Instantly recognizable but eternally individual, Wreckless Eric’s first solo album in over a decade opens with a slice of defiant autobiography that really is all the background you need.  If you know Eric from past glories or even gories, then you’ll know everything he’s singing about.  And, if you don’t, then you’re even luckier because AmERICa will unfold before your drooling ears like the movie you’ve been waiting to fall in love with for so long, but been too bound up in cookie crumbs to embrace.

Partially, possibly, inspired by the near relentless touring that has occupied him over the past few years; possibly partly fed by his innumerable encounters with elderly fans who look at him sideways as he takes to the stage and ask “didn’t you used to be Len Bright?,” Wreckless may or may not be feeling buoyed by a recent clutch of reissued classics.

But he’s also turning in one of the most vibrant albums of his career, a collection that picks its targets well, then marries them to the kind of tunefulness that speaks volumes for his own poptastic instincts and doesn’t care a bespectacled dwarf for anything outside of his own frame of reference.

As he sings in “Transitory Thing“ (a drifting kind of ballad whose mournful mood belies an off kilter hopefulness that ranks among his most hard-hitting lyrics ever), “travel broadens the mind, but I must be the stay-at-home kind” and you suddenly realize how  gloriously and unapologetically timeless this album is.  Even when he announces, with no fanfare beforehand, “so this is the space age.  Isn’t it crap.”

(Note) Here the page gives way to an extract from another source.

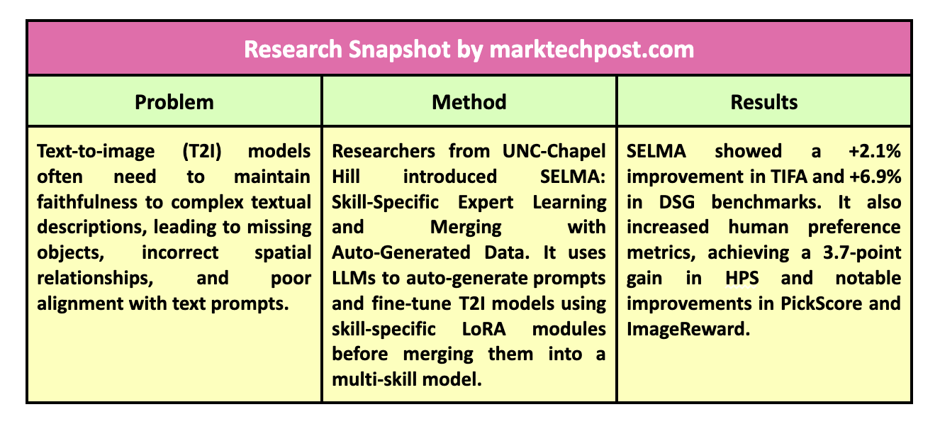 Researchers from the University of North Carolina at Chapel Hill have introduced SELMA: Skill-Specific Expert Learning and Merging with Auto-Generated Data. SELMA presents a novel approach to enhance T2I models without relying on human-annotated data. This method leverages the capabilities of Large Language Models (LLMs) to generate skill-specific text prompts automatically. The T2I models then use these prompts to produce corresponding images, creating a rich dataset without human intervention. The researchers employ a method known as Low-Rank Adaptation (LoRA) to fine-tune the T2I models on these skill-specific datasets, resulting in multiple skill-specific expert models. By merging these expert models, SELMA creates a unified multi-skill T2I model that can generate high-quality images with improved faithfulness and semantic alignment.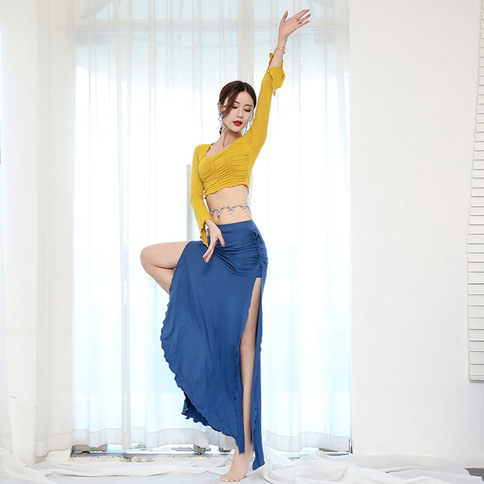 ベリーダンス 衣装 セット レッスン着 上品で清潔感のあるセットアップ おしゃれ ベリーダンス衣装 ストレッチ生地 長袖トップス インナーパンツ付き スリット スカート ロング丈 ベリーダンス 衣装セ

Guitars are as chunky as they ought to be, percussion as crunching, other things as stompy.  You put it on and crank it up, and suddenly you’re a kid again, no matter when you were born, first time alone in your parents house, with no-one to tell you to turn it down, a broom for a guitar and a hairbrush for a mike, leaping off the sofa like Pete Townshend off an amp stack, and wondering why doesn’t every record makes you feel as alive as AmERICa.

Because not many records are as alive as AmERICa, and there’s even fewer people around who could write songs as sparkling as those that fill it up.

A teetering pile of wax and CDs insists, compilations of previously released stuff notwithstanding, that this is Eric’s seventeenth album, under seven different identities.  Most of them are marvelous, a few are better than that.  One is the best LP released by anybody, anywhere, throughout the course of an entire decade, and that’s one helluva legacy for anyone to balance on.

But AmERICa might just have kicked them all over, and insisted we start counting again.